Friday 8 May 2009

Secure Email solutions and Phishing Email

One of the main problems with the secure email products (Cisco Ironport, Tumbleweed, Trend Micro) is that there is still no internet wide standard for securing email. So if a large corporation wishes to send data to its consumers then it has either got to:
  • Distribute identities to its customer base out of band, e.g. on the last statement or by letter.
  • Invite customers to sign up (low return rates).
  • Implement a shared key secure email system (fraught with danger and a big deployment cost)
  • Implement a public key system like PGP/MIME (customers don't understand it + who should own the key directory?)
  • Implement a secure pick up solution by emailing out a link


The problem is that many of the solutions implement the latter because of the technical and cost limitations of the other strategies. Another key problem with all of these strategies is that the Government and the Banking Industry are aquite rightly advising the public not to click on links that offer to retrieve messages etc - this flies in the face of the secure email product strategy and shows a clear weakness. A 'secure email' with a constructed link to pick up the email looks too similar to a phishing scam to be useful.

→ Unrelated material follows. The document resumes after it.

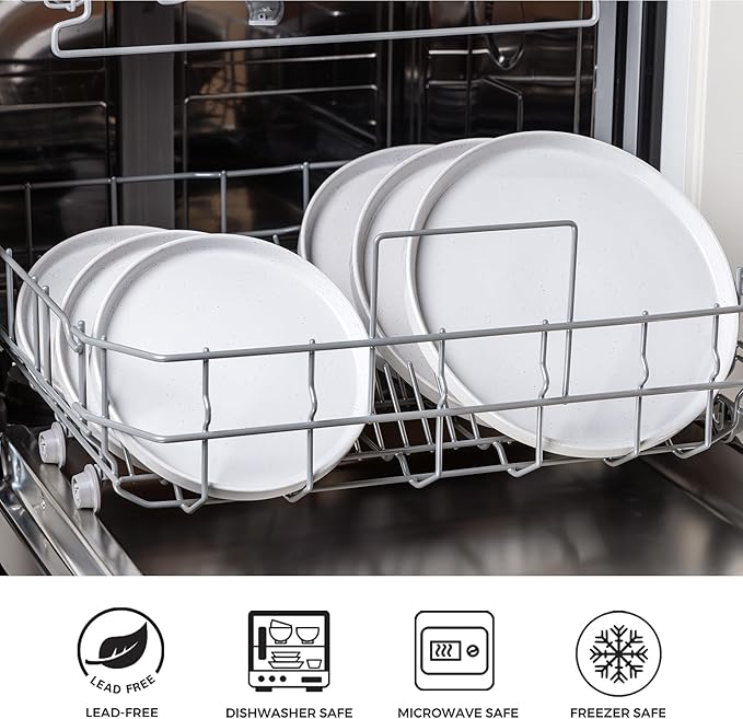 - Stackable & Less Space: the stackable dinnerware set creates a Rustic and minimalist table setting.The shape is great as it makes. they are easier to handle and hold and they stack really well without taking up much space,stack and nestle nicely in your cupboard or shelves.Our Dinnerware set is microwave,dishwasher and freezer safe,Perfect for every day use, indoors or out; ideal for any kitchen let your food look even more delicious, and make you happy every day.

At present, only PGP/MIME is an email encryption strategy that I support because it maintains the postal metaphor in that "I send you an email" and that you can open it in your email client. All the other schemes break the metaphor by requiring the recipient to go and find a webserver to get the message with credentials 'owned' by a third party leaving the recipient with an enormous number of schemes and credentials to remember. However, until PGP public keys become ubiquitous and key management made to be usable by an ordinary user then secure email will continue to be a mish-mash of unique solutions across corporations and product providers.